If you are assisting someone else’s company in raising money and are receiving a fee for doing so you must do such activities within the confines of the securities laws. These laws essentially provide three different ways in which one may legally raise money for another for a fee.
BROKER DEALER LICENSE- First, if you are licensed and are registered with an SEC registered broker dealer you may receive commissions and other forms of compensation for raising money in public or private offerings (e.g. private placements). The newest form of registration from FINRA is designed to license and regulate those who operate as “investment bankers” and is called a Series 79 license. This license allows a holder to collect commissions and other fees for raising funds for an offering of equity (e.g. stock) or debt (e.g. notes or bonds). In addition to passing the licensing test, you’ll need to associate with a broker dealer.
FINDER’S FEE- Second, if you take a limited role in the raising of funds and are paid a flat or hourly fee, as opposed to commissions based on funds raised, you may be able to be paid a finder’s fee for introducing investors to others. A finder’s fee can only be paid to a finder so long as; a) the finder isn’t involved in negotiations of the securities being sold, b) the finder doesn’t discuss the details of the securities, c) the finder isn’t paid based on money raised (e.g. no commission), d) the finder doesn’t perform “finding” services on a regular basis. In sum, a finder’s fee may be paid but only to someone who makes introductions of potential investors and the fee amount must be based on some factor other than compensation relating the persons or amount of securities sold to those introduced by the finder.
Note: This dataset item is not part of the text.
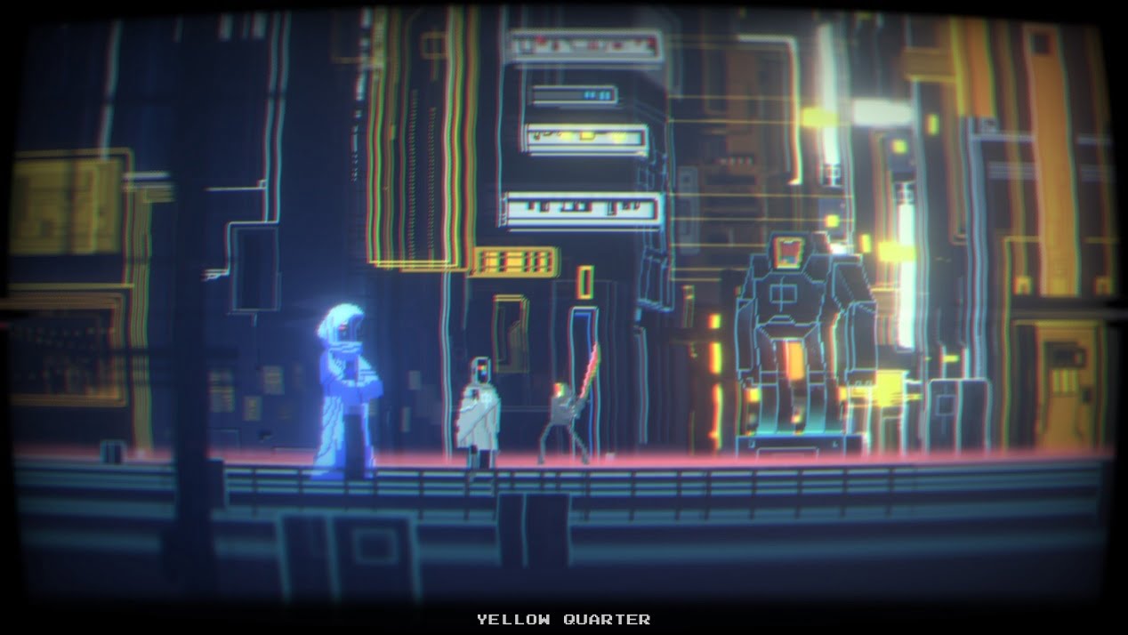In motion, Narita Boy looks even slicker with beautifully fluid attack animations including whist using the Techno Sword you are treated with a stream of red, blue and yellow after-effects that matches the three beams of code from the Houses of the Trichroma.

DIRECTOR OR OFFICER OF OFFERING COMPANY- Third, you may be able to assist in raising funds for another if you are an officer or director of the company whom you are raising money for. The SEC promulgated Rule 3a4-1 which is a Safe Harbor from enforcement and allows someone who serves as a paid Director or Officer to assist in selling the company’s securities. There are many ways to qualify under this Rule but the most common is to meet the following criteria; a) be paid as a director or officer by salary or other criteria that is not linked to sales of securities made (e.g. be the CFO or Treasurer and offer financial consulting advice in addition to working with potential investors), b) can’t be associated with a broker dealer and cannot have a prior SEC disciplinary history, c) should stay on with the company following closing of the offering so as to show your purpose as a Director or Officer was not just for raising funds, d) takes a passive and restrictive role in selling the securities and refers to the CEO or President for details and negotiations.
Failure to comply with the securities laws can result in civil and criminal action. In addition, investors who can claim a failure to comply with the laws outlined above are able to rescind their investment and can subject the company’s founders and the person soliciting the investment with personal liability for any losses.